A Spanish institute developed drug candidates containing metals to target cancer cells.
A Madrid laboratory developed families of drug candidates to treat cancer, using metals like iridium, ruthenium and osmium, during four-year EU-funded project MEMOTUMCELLMACH.
The IMDEA Nanoscience Institute, with support from the Marie Curie programme, says its research on metallodrugs based on iridium shows they could be up to 200 times more effective against cancer cells than cisplatin – one of the most commonly used drugs for cancer patients.
“We now know that the iridium family of drugs is super potent,” says laboratory head Dr. Ana Pizarro. “They accumulate in the mitochondria or power house of the cancer cell and exclusively so.” The team also developed a family of osmium-based candidates to control pH inside the cancer cell. “The impact it could have on cancer progression and invasion is scarily good,” she said.
Multiple targets
Scientists discovered the metallodrug cisplatin, which contains an atom of platinum, by chance in the 1960s and is still used in about 50 % of chemotherapy treatments worldwide.

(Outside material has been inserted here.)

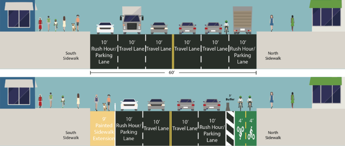 The bike lanes would be protected on each side of the street by a three-foot buffer and eight-foot parking lane. Eleven-foot-wide painted islands would protected cyclists at intersections, while shortening pedestrian crossing distances and encouraging drivers to make slower turns.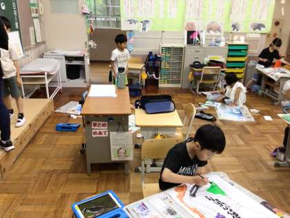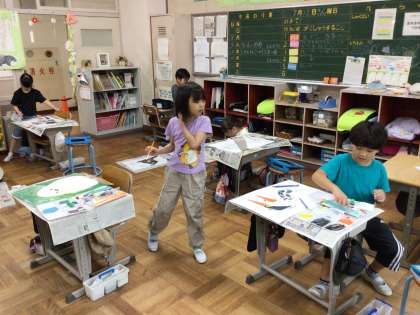 図工の時間に、愛鳥ポスターを描きました。鳥が大好きなことが伝わるように、大きく描くことができました。

But cisplatin and other drugs on the market don’t work for all types of cancers and sometimes affect healthy cells. “There is no single cause of cancer, there is no single target, so there is no single magic bullet,” said Dr. Pizarro.
She focused on ways to get the metal compounds to switch ‘on’ to react and attack cancer cells while remaining inactive outside the cancer cells. That means they wouldn’t destroy healthy cells, causing pain and side effects to patients.